YOUR ASSIGNMENT:
Transcribe, word for word, only the lines from the one containing "When you join" through the end of the material below. Pictures stay out.

★ ★ ★ ★ ★

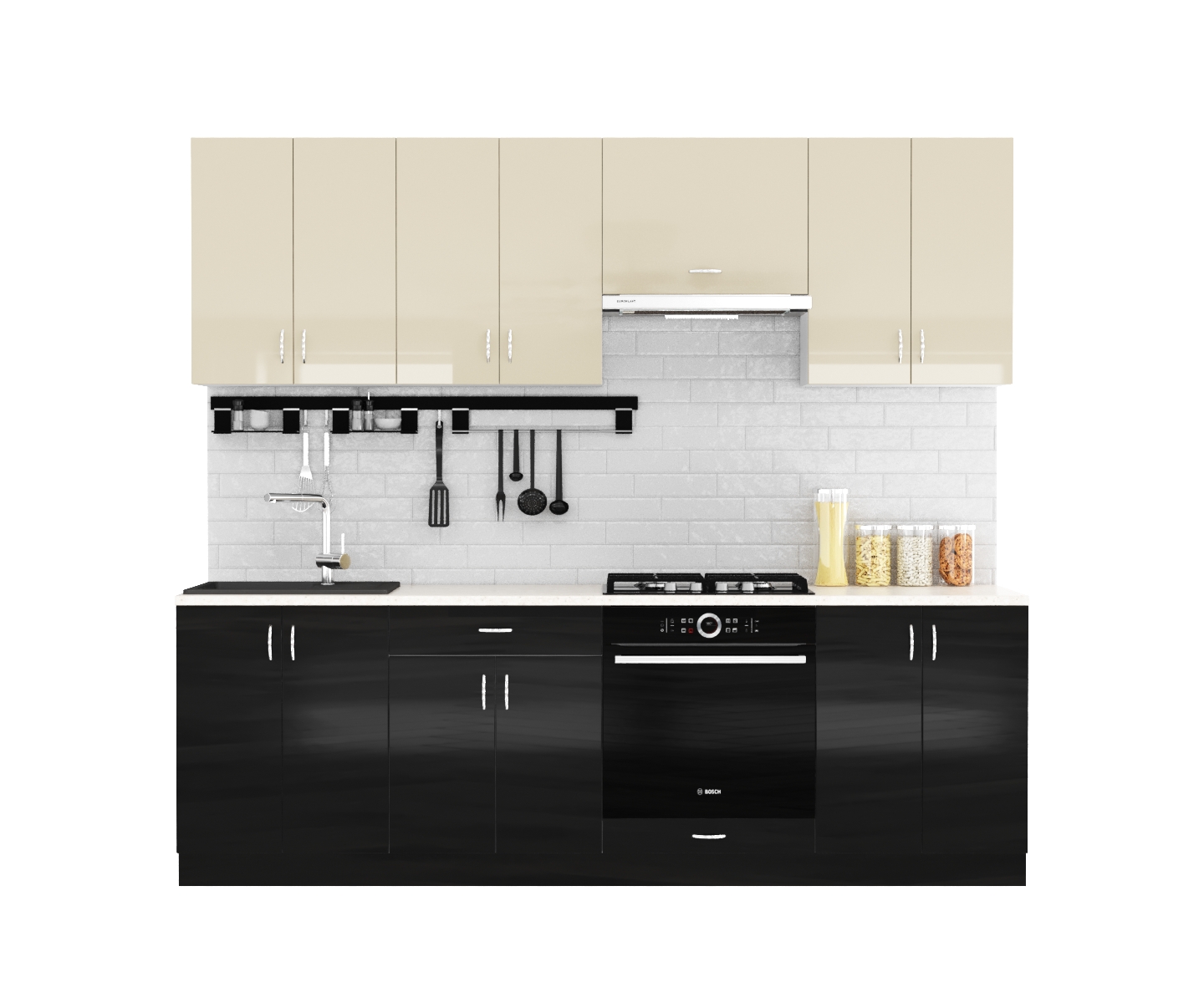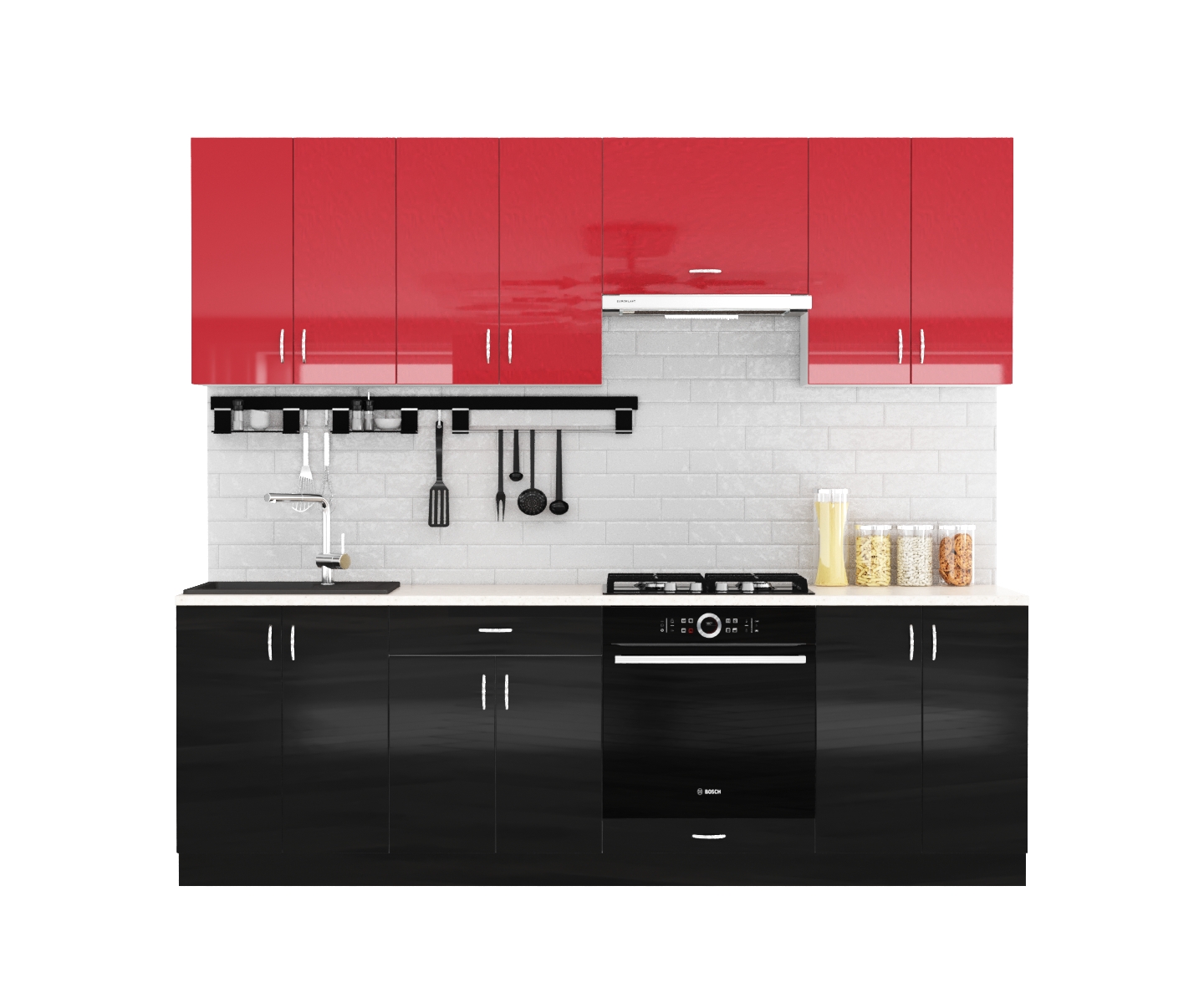 Фасады: выполнены из глянцевого МДФ 18 мм. «Evogloss», все видимые торцы обработаны кромкой ПВХ толщиной 0,6 мм.
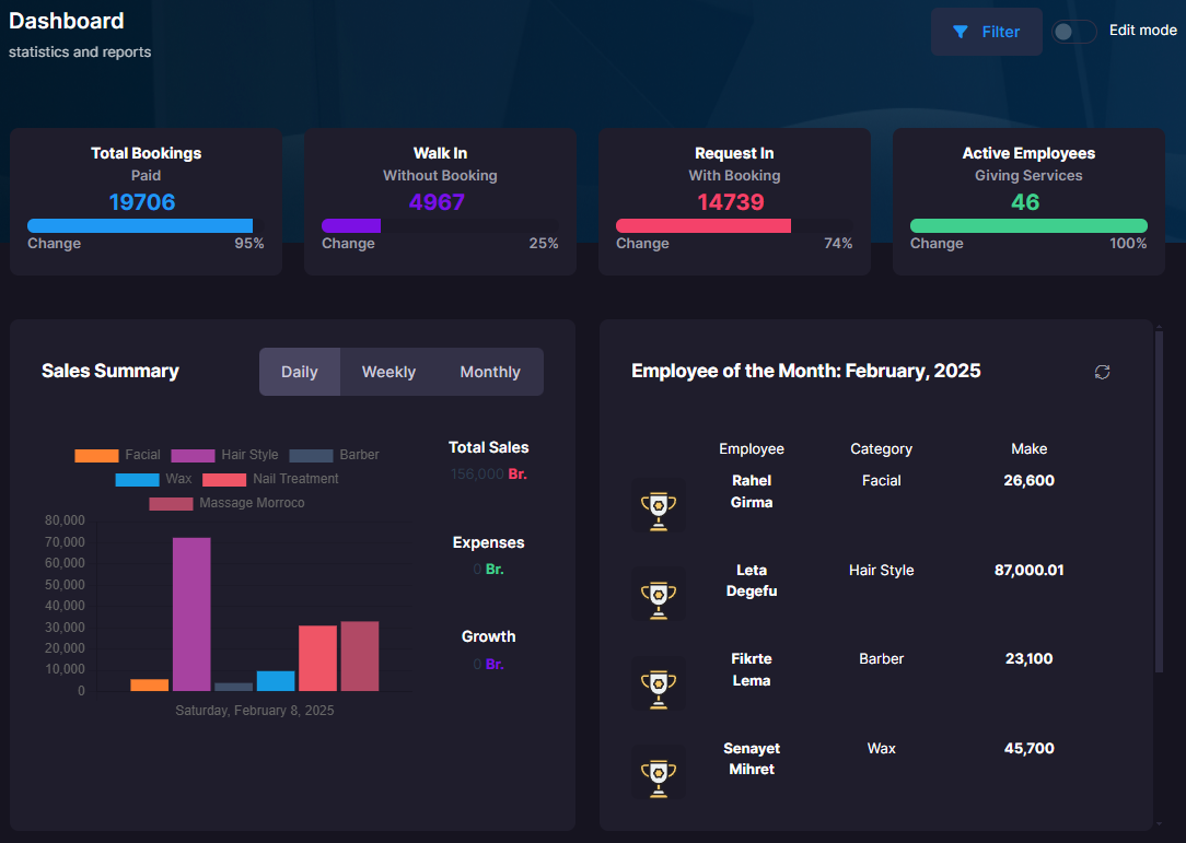 First things first, the system should be based on latest and robust framework. hence, i choosed .net core. Also, the system should implement role based authentication for each employee and also, added employee detailed information. Specialist has their own work schedules and for that, the system should be aware of that and implemented day off and sudden absents to be integrated with the booking. All the services given have their own cost and for this reason, evey service payment should be registered the amount with its respective receipt/Fiscal number. All this payments should be concieled with the report by the fiscal machine. The system also has to do the job of nominating 'Employee of the month' for the company to clearly show important employees highly contributing for the businees flow. Last but not least, Reporting! A system without report is not a system. hence, based on the LOB requriement of the company, i implemented a very robust reporting system that is flexible and all in one.
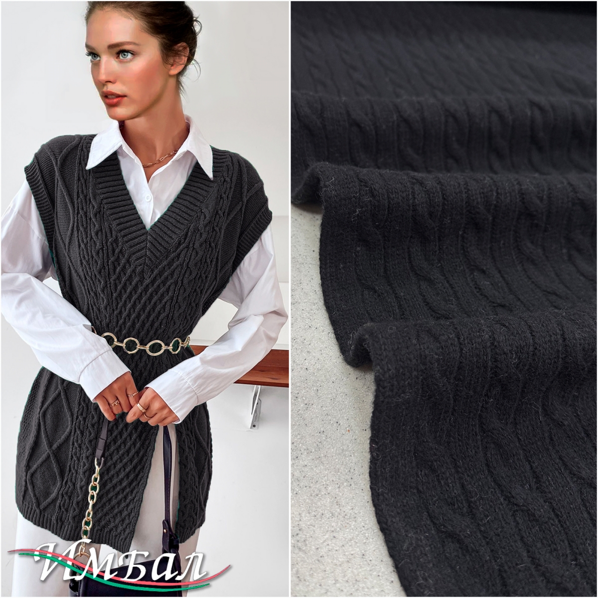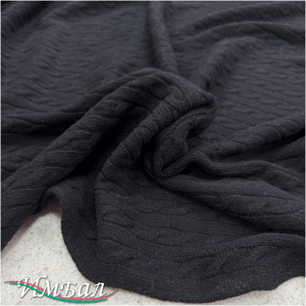 Трикотаж шерстяной с ангорой стрейч вязаные косы черного цвета
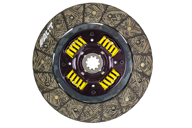 3000801 is a performance street disc and the most popular disc purchased. It features premium organic materials with high copper content for better heat transfer. Performance street discs allow for quicker shifting and smooth engagement. These discs feature a reduced marcel for faster shift action to complement ACT pressure plates. ACT spring-centered assemblies use bushings and cone springs similar to factory clutch discs. This creates frictional dampening, which improves clutch life and reduces noise. Quiet operation with increased strength and reliability.
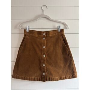 Uniqlo Brown Corduroy Mini Skirt Size 2 Button Front Pockets A-Line
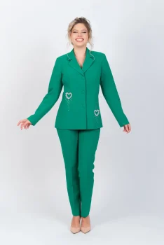 Compleu elegant verde compus din doua piese sacou accesorizat cu detalii pretioase si pantaloni pana
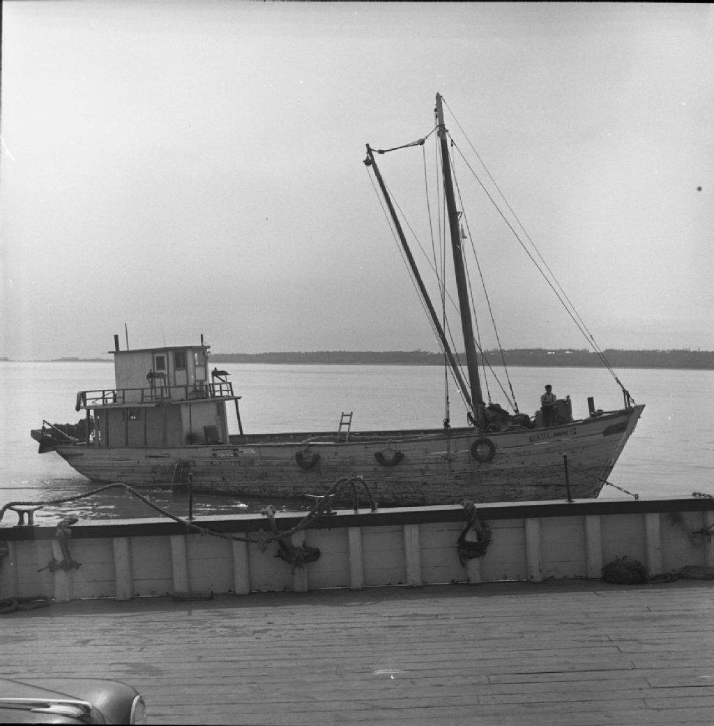 La goélette "A.H.L. Transport" au quai de Saint-Joseph-de-la-Rive, 1950, Archives nationales à Québec, Fonds Lida Moser, (03Q,P728,S1,D1,P4-1), Lida Moser.
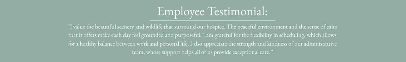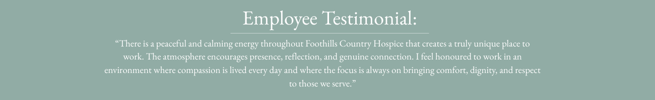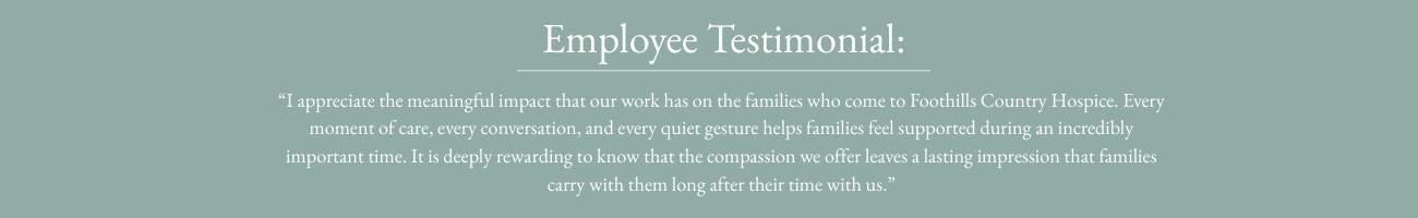 When you join Foothills Country Hospice, you join a place where your work is meaningful and where compassionate care is at the heart of every day.
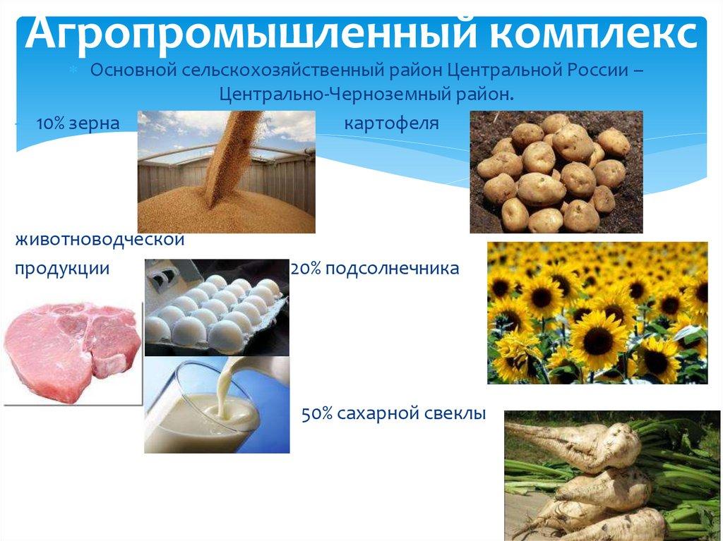 Агропромышленный комплексОсновной сельскохозяйственный район Центральной России –
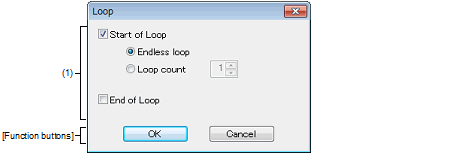 This dialog box is used to perform detailed settings (loop start/stop and loop count) related to the loop information in the Signal Data Editor window.
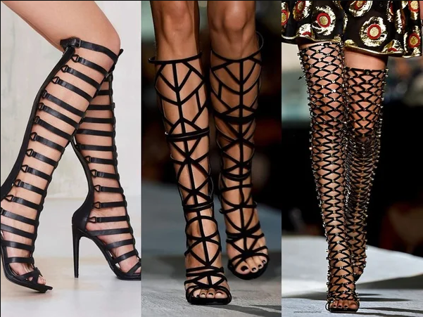 Кроме носа, не приветствуются вырезанные части в других местах, а также римские сапоги с тонкими многочисленными ремешками.
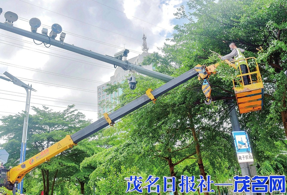 昨日,记者在市区油城路与西粤路交汇处看到,园林工人正在对遮挡交通信号灯、路牌的路树枝叶进行及时修剪,确保道路车辆行人通行安全。
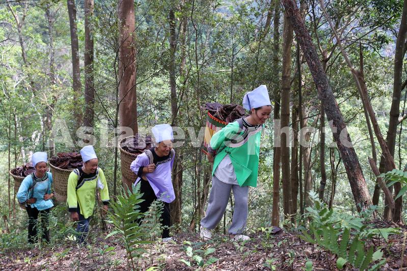 7月11日,村民在贵州省黔东南苗族侗族自治州榕江县水尾乡拉术村灵芝种植基地背运灵芝。

★ ★ ★ ★ ★

ANSWER SECTION:
 When you join Foothills Country Hospice, you join a place where your work is meaningful and where compassionate care is at the heart of every day.
 Агропромышленный комплексОсновной сельскохозяйственный район Центральной России –
 This dialog box is used to perform detailed settings (loop start/stop and loop count) related to the loop information in the Signal Data Editor window.
 Кроме носа, не приветствуются вырезанные части в других местах, а также римские сапоги с тонкими многочисленными ремешками.
 昨日,记者在市区油城路与西粤路交汇处看到,园林工人正在对遮挡交通信号灯、路牌的路树枝叶进行及时修剪,确保道路车辆行人通行安全。
 7月11日,村民在贵州省黔东南苗族侗族自治州榕江县水尾乡拉术村灵芝种植基地背运灵芝。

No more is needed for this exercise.